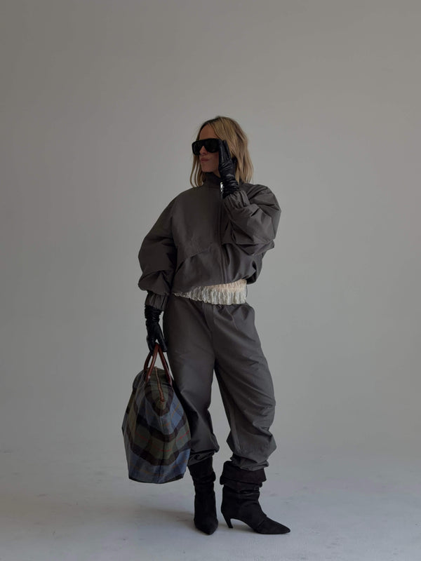 The Sable Pant in Charcoal is made from medium-weight soft cotton anorak fabric with wrinkle resistance, breathability, wind resistance, and water repellency. Fitted for a sleek silhouette, it's both comfortable and durable. Pair with the matching Sable Jacket
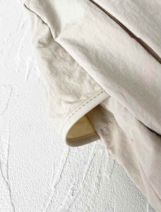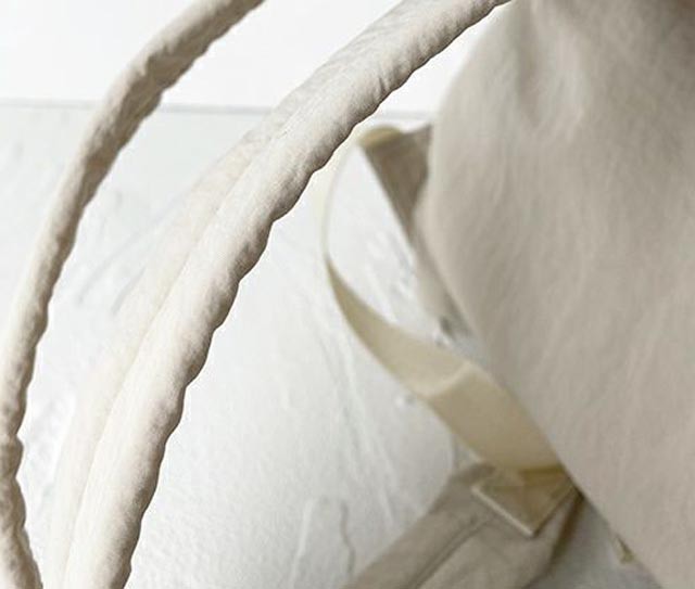 オックスフォード生地や帆布素材と比べますと生地感はやや薄手ではございますが、
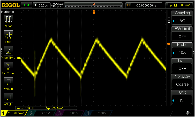 Ripple on 5V output from a H744 regulator supplied with 20VDC from a bench PSU

■ **Task details**
Ending at the line with "オックスフォード生地や帆布素材と比べますと生地感はやや薄手ではございますが、", reproduce exactly the lines that begin at the top of the data, and include no pictures.

■ **Answer area**
 The Sable Pant in Charcoal is made from medium-weight soft cotton anorak fabric with wrinkle resistance, breathability, wind resistance, and water repellency. Fitted for a sleek silhouette, it's both comfortable and durable. Pair with the matching Sable Jacket
 オックスフォード生地や帆布素材と比べますと生地感はやや薄手ではございますが、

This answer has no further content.